Most people save money in a bank savings account or by purchasing investments. In a savings account, you make money by earning interest.

The bank pays you interest for borrowing your money. A bank savings account ensures your money is safe and you can access your money.

Savings in a financial institution are generally insured up to $100,000 by the Federal Deposit Insurance Corporation -- FDIC -- or the National Credit Union Association -- NCUA.

That means if your financial institution goes out of business, and it can't pay your money, the FDIC or NCUA will make sure you get your money.

Let's review the types of savings products available at most banks.

Statement Savings Account
A statement savings account is an account that earns interest. If you have a statement savings account, you will usually receive a quarterly statement that lists all of your transactions (withdrawals, deposits, fees and interest earned).

Passbook Savings Accounts
Passbook savings are similar to statement savings accounts. The difference is the record keeping. Instead of receiving a quarterly statement, all transactions are recorded in a passbook. You have to take your passbook to the bank when making transactions. The teller will update your account information when you go to the bank.

Club Account
A club account is a type of savings account you "join" to save money for a special reason, such as holidays or family vacations. Club accounts usually require you to make regular deposits.

Money Market Accounts
A money market account is one that usually pays a higher rate of interest than a regular savings account. Money market accounts usually require a higher minimum balance to earn interest, but they also pay higher rates for higher balances.

Certificates of Deposit (CDs)
CDs are accounts where you leave your money for a set period of time, such as six months, one, two or five years, called a term. You usually earn a higher rate of interest than in a regular savings account. The longer you promise to keep your money in a CD, the higher the interest rate. Be sure to think about your cash needs before opening a CD because you will pay a penalty if you withdraw your money early.

Let's review the savings and point out the differences.

Statement savings and passbook savings accounts are similar. They both earn interest. The difference is in the record keeping. Club accounts are for saving for a specific purpose, such as a vacation or a holiday.

CDs and Money Market accounts generally earn higher interest rates and require higher minimum balances. CDs are held for a fixed term. This means you cannot make deposits or withdrawals during the term. Money Market accounts do not have a fixed term. You can make deposits and withdrawals.

Always check your records and statements for accuracy. Banks are not perfect and can make mistakes.

Now that we have reviewed various savings options, you should know about some special accounts offered at some financial institutions.

Special Accounts: Frequently Asked Questions

Q. What is an Individual Development Account?
A. Individual Development Accounts (IDAS) are matched savings accounts. When an account is matched, it means another organization, such as a foundation, corporation or government entity agrees to add money to your account.

Q. Why would an organization do that?
A. Organizations will match the money people save in IDAs to encourage low-income families to save money on a regular basis. IDAs are based on the concept that asset building is necessary to break the cycle of poverty and to help families become financially independent.
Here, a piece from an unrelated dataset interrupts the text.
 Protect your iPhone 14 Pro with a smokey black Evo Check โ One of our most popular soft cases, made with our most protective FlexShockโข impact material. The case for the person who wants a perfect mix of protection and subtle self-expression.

Asset building refers to people purchasing or holding items that will help them financially in the future. Organizations involved in IDA programs want to help low-income families achieve self-sufficiency.
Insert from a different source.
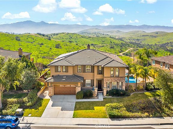 Absolutely Stunning Pool Home with Spectacular Views in Lake Hills Reserve! Welcome to your dream home in the highly desirable Lake Hills community, where luxury meets functionality! This exquisite property features completely paid solar and an array of upgrades that will leave you in awe. Spacious Living With 4,895 sq ft of elegance on a 16,553 sq ft lot, this home is designed for comfort and entertainment. Grand Entry & High Ceilings, Gorgeous Interiors, Enjoy a stunning living room complete with a double-sided fireplace that flows seamlessly into a formal dining area adorned with a beautiful stacked stone accent wall. Exquisite hardwood flooring and elegant crown molding throughout add to the charm. Gourmet Kitchen featuring granite countertops, a large island, ample cabinets, a butler's pantry, stainless steel appliances, and double ovens, all overlooking the cozy family room with a built-in entertainment center. The home includes a full bedroom and bathroom on the lower level. Upstairs, discover a grand loft, a spacious Jack & Jill bedroom setup, and a rear ensuite bedroom. The master suite is a true retreat with a private patio, cozy fireplace, massive two walk-in closets, and a spa-like bath featuring a separate tub and shower, along with a built-in vanity. Outdoor Oasis, Step outside to your entertainer’s paradise! A stunning pool and spa with a flowing waterfall, built-in BBQ, fire pit, and breathtaking mountain views await you in the manicured backyard. Living in Lake Hills Reserve means enjoying the tranquility of a mountaintop locale away from city life while being close to Riverside's cultural and educational amenities, along with shopping attractions close by. The guard-patrolled community offers exclusive access to a private residents' club, complete with a swimming pool, playground, park, open-air fireplace pavilion, and is in proximity to the highly rated Lake Hills Elementary School. Don’t miss your chance to own this luxurious sanctuary with an unbeatable lifestyle! Schedule your private showing today and experience the splendor for yourself!

Q. What can I use IDAs for?
A. If you open an IDA, the money must be used for a specific purpose. Allowable purposes include:

Ask local community action agencies, other community groups and bankers if they know of any programs in the area.

Q. What is an Electronic Transfer Account (ETA)?
A. An ETA is a low-cost account that provides federal payment recipients with the opportunity to receive their federal payments through direct deposit. The ETA is offered only through certain federally-insured banks, thrifts and credit unions.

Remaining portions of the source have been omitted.